🤖 AI Summary
Existing research treats semantic communication (SemCom) and semantic edge computing (SEC) as disjoint paradigms, resulting in a critical lack of semantic–computation–communication co-design and hindering support for real-time edge intelligence in 6G networks.
Method: This paper proposes, for the first time, a unified SemCom–SEC paradigm grounded in a cross-layer semantic alignment model. It formulates the first taxonomy of jointly optimized problems and a comprehensive challenge map. Methodologically, it integrates deep semantic encoding, distributed DNN partitioning and scheduling, channel-robust semantic decoding, and semantic-aware resource co-optimization.

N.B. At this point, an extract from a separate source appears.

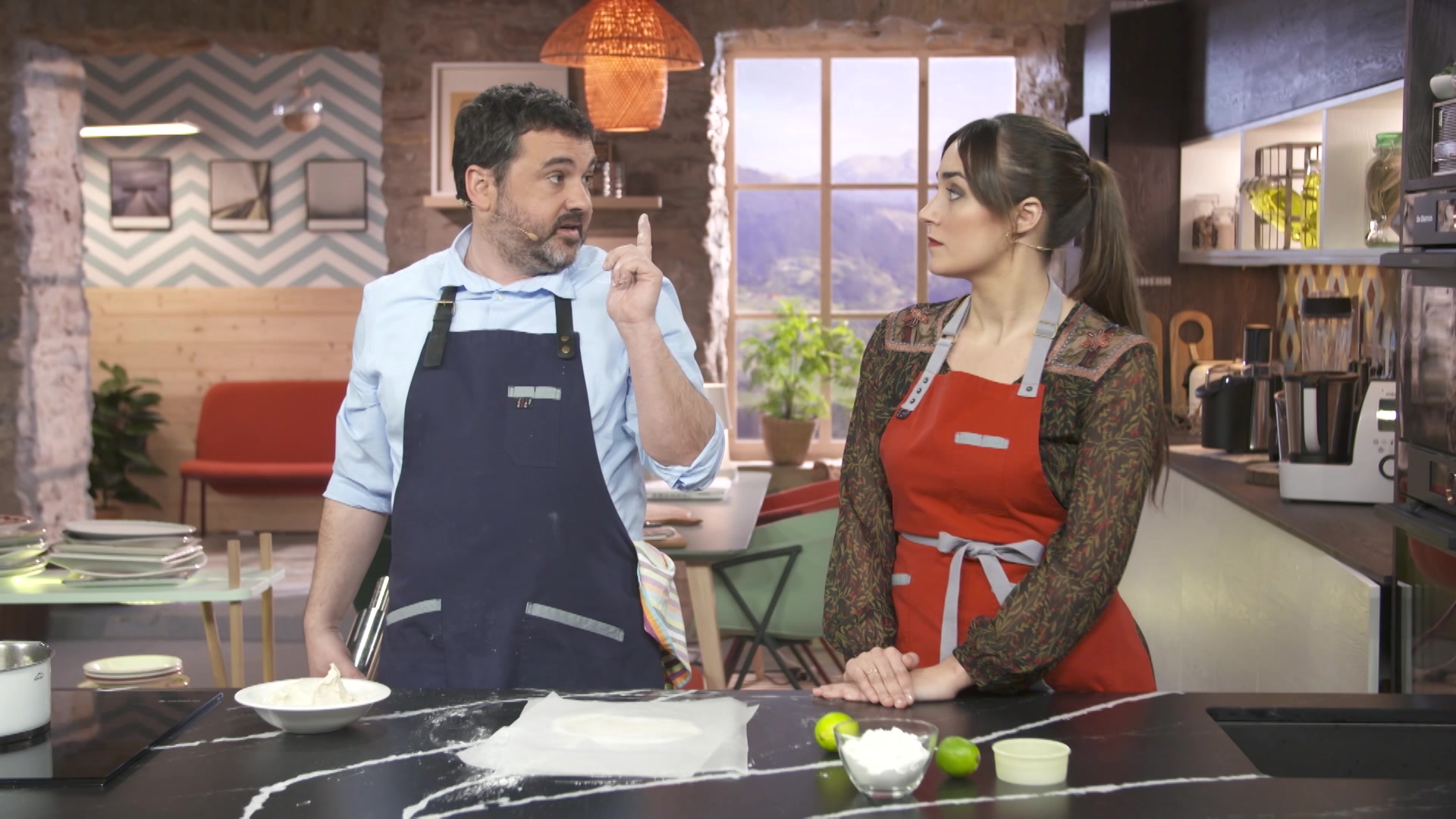 El cocinero Ander Gonzalez elabora una receta mientras la nutricionista Gabriela Uriarte explica las propiedades de los ingredientes utilizados y analiza el equilibrio dietetico de las recetas.

Contribution/Results: The work systematically identifies 12 core research problems and five fundamental cross-cutting challenges. It establishes a theoretical foundation and a principled evolutionary pathway toward semantic-native 6G networks, enabling holistic semantic processing across communication and computation domains.
📝 Abstract
Semantic Edge Computing (SEC) and Semantic Communications (SemComs) have been proposed as viable approaches to achieve real-time edge-enabled intelligence in sixth-generation (6G) wireless networks. On one hand, SemCom leverages the strength of Deep Neural Networks (DNNs) to encode and communicate the semantic information only, while making it robust to channel distortions by compensating for wireless effects. Ultimately, this leads to an improvement in the communication efficiency. On the other hand, SEC has leveraged distributed DNNs to divide the computation of a DNN across different devices based on their computational and networking constraints. Although significant progress has been made in both fields, the literature lacks a systematic view to connect both fields. In this work, we fulfill the current gap by unifying the SEC and SemCom fields. We summarize the research problems in these two fields and provide a comprehensive review of the state of the art with a focus on their technical strengths and challenges.